二章 3
そんな怒濤の買い物を終えて僕らがホテルに戻ったのは、夕方近くだった。
部屋に戻って休んでいると、みなもが買い物袋を片っ端から開封して、ソファーでぐったりしている僕の前で、ファッションショーを嬉々として始めやがった。
「明日着てくのどれがいい? ねーねー」
涼しげなワンピースを二着、交互に胸に当てて、みなもは僕に見せる。
「好きなのにすりゃいいだろ」正直けっこう疲れてた。
「彼女の服ぐらいちゃんと吟味してくんなきゃダメだよ!」みなもがキレ気味に言った。
「いつから僕達付き合ってんだよ。

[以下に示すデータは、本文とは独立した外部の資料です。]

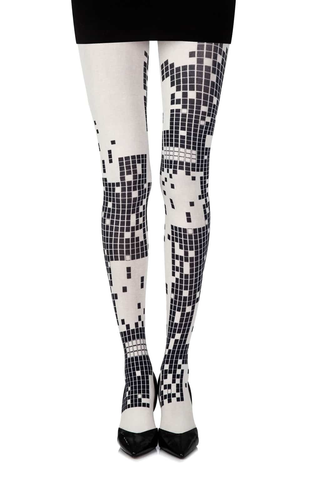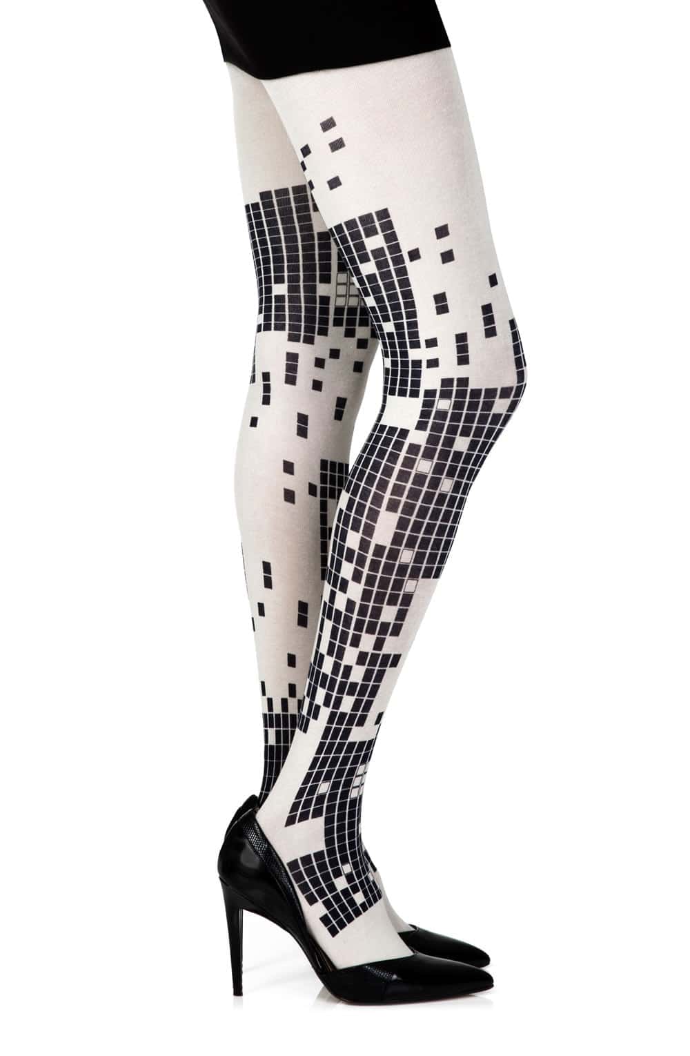 Press start on style with Zohara’s “Game Boy” tights! These opaque 100-denier cream tights feature classic black checkerboard prints on both legs, channeling retro gaming nostalgia with a fashion-forward twist.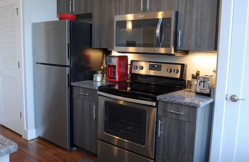 Tenants will be greeted in person, credentials verified, and then they will issued building and condo access credentials. This building is a multi level warehouse that has been converted into luxury apartments and is also the home to several first floor businesses. This is a "Quiet Building" we do ask that you keep in mind our long term guests and refrain from making any disturbances or loud noises during your visit. You will have your very own fully furnished new condominium to yourself. You can come and go as you please, however, we do ask that you respect our other long term guests and keep all noise to a minimum.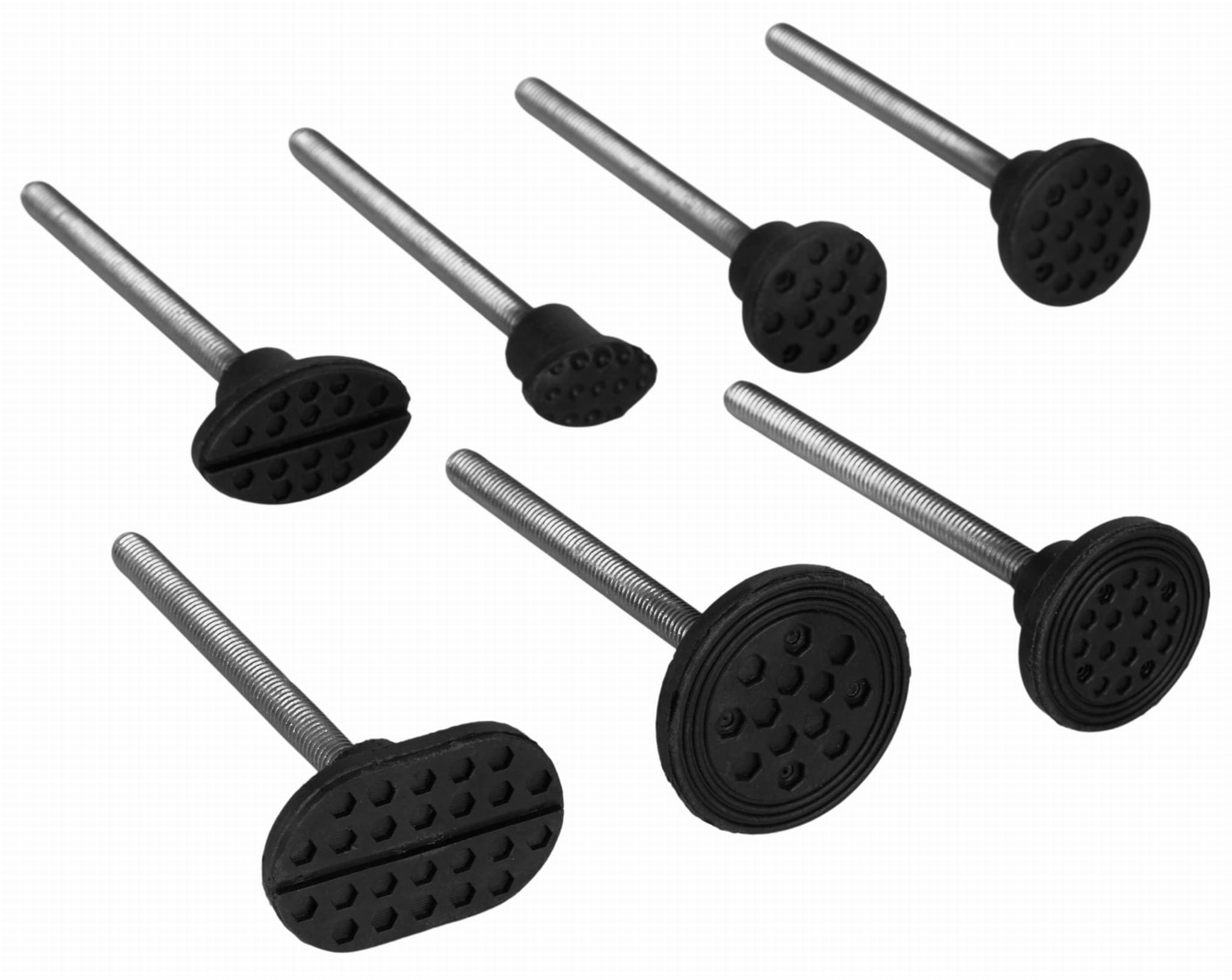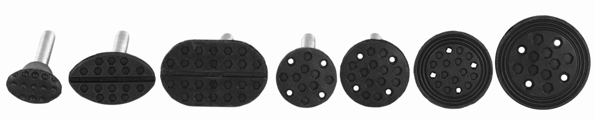 Zróżnicowane średnice adapterów umożliwiają dopasowanie narzędzia do wgnieceń o różnej powierzchni — od niewielkich punktowych uderzeń po rozleglejsze deformacje paneli. Właściwy dobór adaptera przekłada się na równomierne rozłożenie siły naciągu i skuteczność wypychania.

お前は僕の恋人じゃないんだろ」
僕は吐き捨てた。
いつまで経っても僕を恋人認定してくれないのは、みなもの方なんだから。
ぐっ……、とみなもは悔しそうに一旦言葉を飲み込んだ。そして、
「た、威の巫女、だもん」とボソリと言った。
「じゃ、制服あるから私服は関係ねえよな」
僕はソファーの上で、ゴロリと背を向けた。
「……………………威のバカ!」というみなものシャウトと共に、僕の背中にはキックの雨が降った。二十三コンボだった。
別に間違ったこと、言ってないじゃん。クソッタレ。